Id. at 808 (citation omitted).

Points relied on that do not meet the requirements of Rule 84.04(d) preserve nothing for review. In re Marriage of McCoy, 818 S.W.2d 322, 325 (Mo.App.1991). In addition, “allegations of error ... not properly briefed shall not be considered in any civil appeal_” Rule 84.13(a).

Points 1 and 2 ignore the why and wherein requirements of Rule 84.04(d). *888Point 1 fails to set forth the rule of law which the trial court should have applied (the why requirement) if defendant failed to receive the stated notices or demand for payment. Point 2 fails to set forth the evidentiary basis upon which the doctrine of res judicata is applicable (the wherein requirement). As written, this point only sets out an abstract statement of law. See State ex rel. Marshall v. Hercey, 869 S.W.2d 878, 880-81 (Mo.App.1994).

Regardless of such deficiencies, we may look to the argument portion of JEM’s brief to determine if plain error occurred which would permit relief under Rule 84.13(c). McCoy, 818 S.W.2d at 325. The approximate one-page argument following each point provides little assistance for any meaningful plain error review. For that reason we decline the discretionary authority granted us by Rule 84.13(c).

JEM’s last point argues that the trial court erred in denying his motion for summary judgment.
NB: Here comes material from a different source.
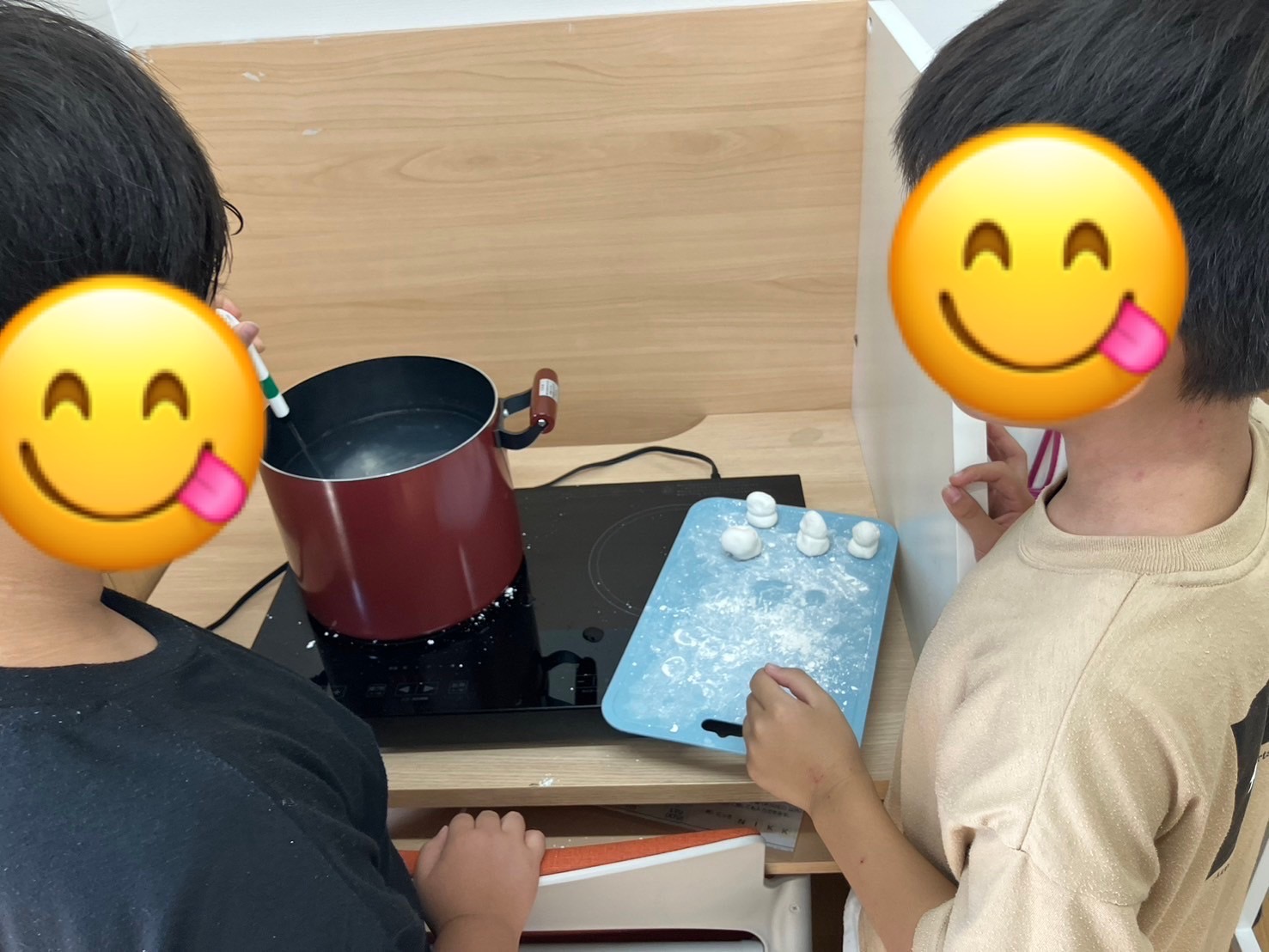 粘土のような感触が苦手ということでこねる作業に参加できなかった子には、茹でる担当をしてもらいました🍲💭

It is well settled that the denial of a motion for summary judgment is not subject to appellate review. Kabir v. Missouri Dep’t of Social Services, 845 S.W.2d 102, 103 (Mo.App.1993). “That holding has been made when a party has attempted to appeal from the order denying his motion for summary judgment, the rationale being that such an order does not constitute a final judgment for purpose of appeal.” Farmers and Merchants Ins. Co. v. Cologna, 736 S.W.2d 559, 569 (Mo.App.1987). Explaining why such an order does not constitute a final judgment for the purposes of appeal, Parker v. Wallace, 431 S.W.2d 136 (Mo.1968), states:

The matter of the propriety of the court’s action in overruling a motion for summary judgment is not an appealable order. Upon that ruling, the issues raised by the pleadings are still in the case, and it is - upon those issues, when decided and if timely and properly presented, that an appeal lies.
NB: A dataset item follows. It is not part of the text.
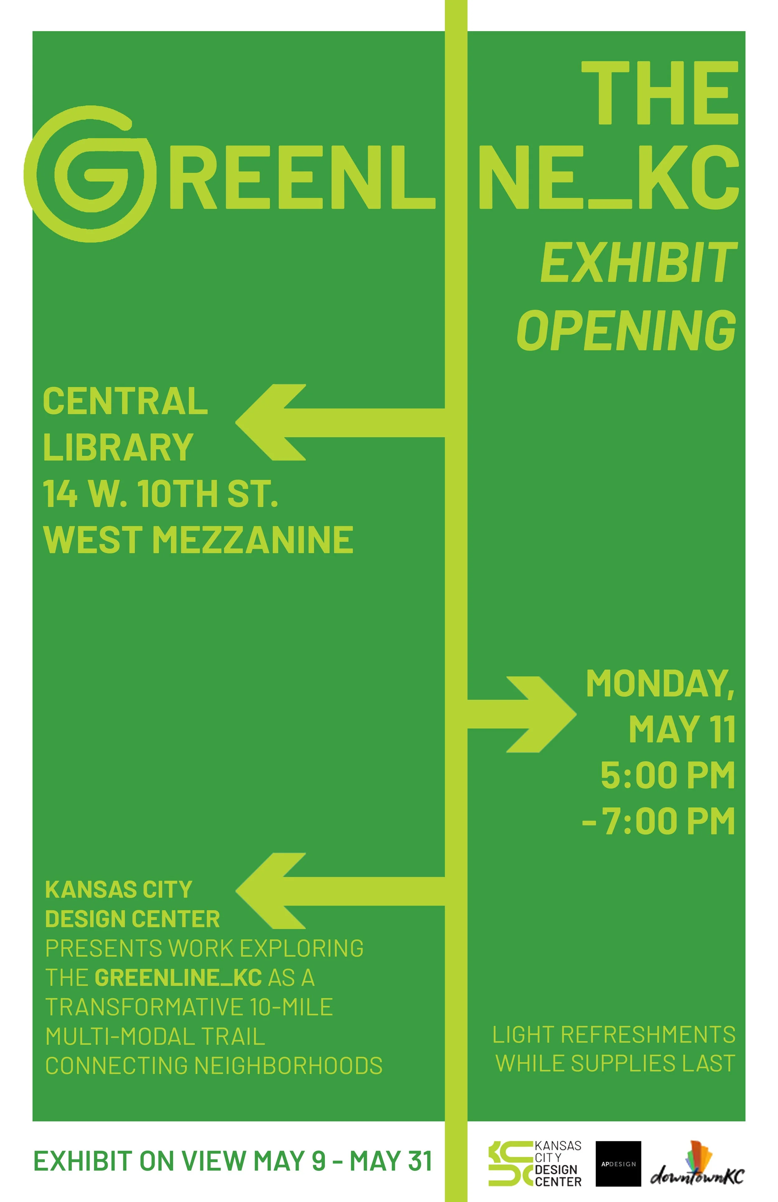 Join us for the opening of the Greenline_KC exhibit on May 11th from 5:00 - 7:00PM at the Central Library.!

Id. at 137-38 (citation omitted).

JEM’s appeal is dismissed. The summary judgment in favor of Mary against Plaintiff is reversed, and that portion of the case is remanded for further proceedings.

FLANIGAN and GARRISON, JJ., concur.

. For ease of reference only, we refer to the Dilks by their first names.

. Rule references are to Missouri Rules of Court (1995), unless otherwise indicated.

. Mary also argues that she was discharged because Plaintiff was "added” as a guarantor without her knowledge or consent thus changing her guaranty obligation by lessening her exposure. Nothing in the record supports this argument because the note and guaranty agreements were all signed the same day. Furthermore, the trial court’s judgment was not based on this theory apparently because the record lacked factual support for such a determination.